One of the good things about on-camera flash is that it travels with you. Sure, this on axis light gives a really terrible flat light and red eyes, but it is always with you. you’d most likely get better, more directional light from an off camera flash, but setting this up takes time and space, which You don’t always have.
This is why they invented the flash brackets, and why Jerry Hamby made a PVC version of it. A flash bracket is a contraption that attaches to the camera and creates some distance between the flash and the lens. (Bye, bye red eyes).
When your flash is on a bracket you would need to trigger it and you can do so with a sync cable, a TTL cable or (if your flash supports it) trigger it wirelessly. And before the comments start poring about this, we know that the lens cap is on, this is just for illustration)
Materials
- 3 ft x 1” or ¾” PVC pipe
- 1 x 45-degree elbow
- 2-3 x 90-degree elbows
- 1 x Cross and/or 1 T
- 1 x end cap
- 1 x flash adapter
- 1 x ½” x ¼” screw
- 1 x 1” screw for camera plate
Tools
- Small saw (table, hand, hack, miter box, etc.)
- Screwdriver
- Drill with bits
Instructions
The first thing that we build will be the camera plate – this part will attach to the bottom of the camera (kinda like a tripod plate).
Start by cutting off a 9 inch section of the PVC pipe. Having a piece longer than you need will allow for cutting at either end and adjusting to you desires.
Mark the pipe with magic marker at six inches.
By far the most difficult part is cutting off the top 1/3 of the nine-inch section back to the 6 inch mark.
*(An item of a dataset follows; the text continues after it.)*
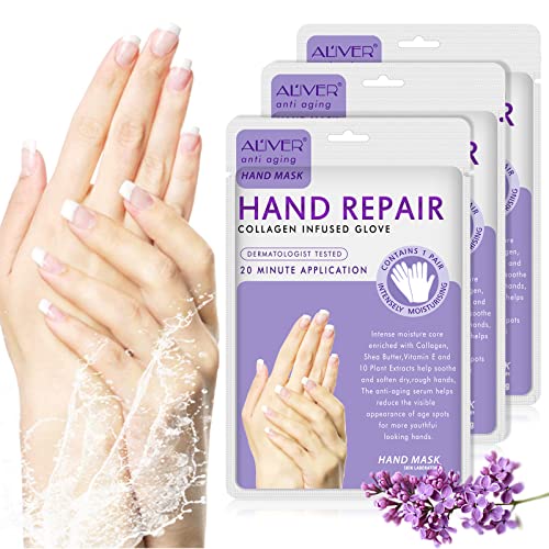 Maschera Per Le Mani Guanti, 3 Paia Maschera Idratanti Per Mani Esfoliante al Lavanda con Estratti Vegetali Naturali, Collagene, Sbiancanti e Antietà, Riparazione Della Pelle Ruvida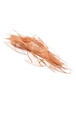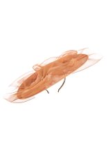This hat comes on a comfortable, ribbon wrapped double headband which we will match to your hair colour.

Those 6 inches of sawed pipe will act as a camera bed – the camera will rest on and be screwed to the level six-inch section.
I used a saber saw on a table utilizing the table fence and guard. The guard should be used when sawing the piece.
I used the 45-degree elbow because my shoulders are broad and my joints old. This allows me to have the handle farther away from the camera and forward of the camera. If you do not need this adaptation then use only the 90-degree joint to the left of the nine-inch PVC piece.
Drill appropriate holes in the nine-inch piece to screw the camera to the handle.
A piece of rubber mat or kitchen scrub pad will serve as a pad between the camera and nine inch PVC.
Drill a hole in the end cap and screw the flash adapter to the end cap.
From that point on it is cut and slip into place. The configurations are endless.
This configuration allows for the camera to be in the right hand and the flash a foot to the left and above the lens. This is the configuration I use almost exclusively. It will negate the probability of having flat images.
This configuration allows for getting the camera and flash closer. You only need to move the short PVC piece and the end cap.
This configuration allows for the camera to be on a vertical grip by only moving the end cap from the left to the right of the T or Cross.
It is very easy to attach the vertical grip to the camera and then back onto the flash bracket.
If you want the flash to be more elevated, simply put in a connector and a piece of PVC pipe.
A short piece of PVC pipe and a connector can be used at any point to change the configuration.
And Then Some…
You can use connectors and PVC pieces to add height or distance in any direction at any time.
You can shorten each piece by simply sawing short pieces off until it fits you.
After you find your comfort zone, either glue or peg the pieces into place to avoid the camera slipping out onto the ground.
You can then paint your bracket to match your camera or your eyes or your truck.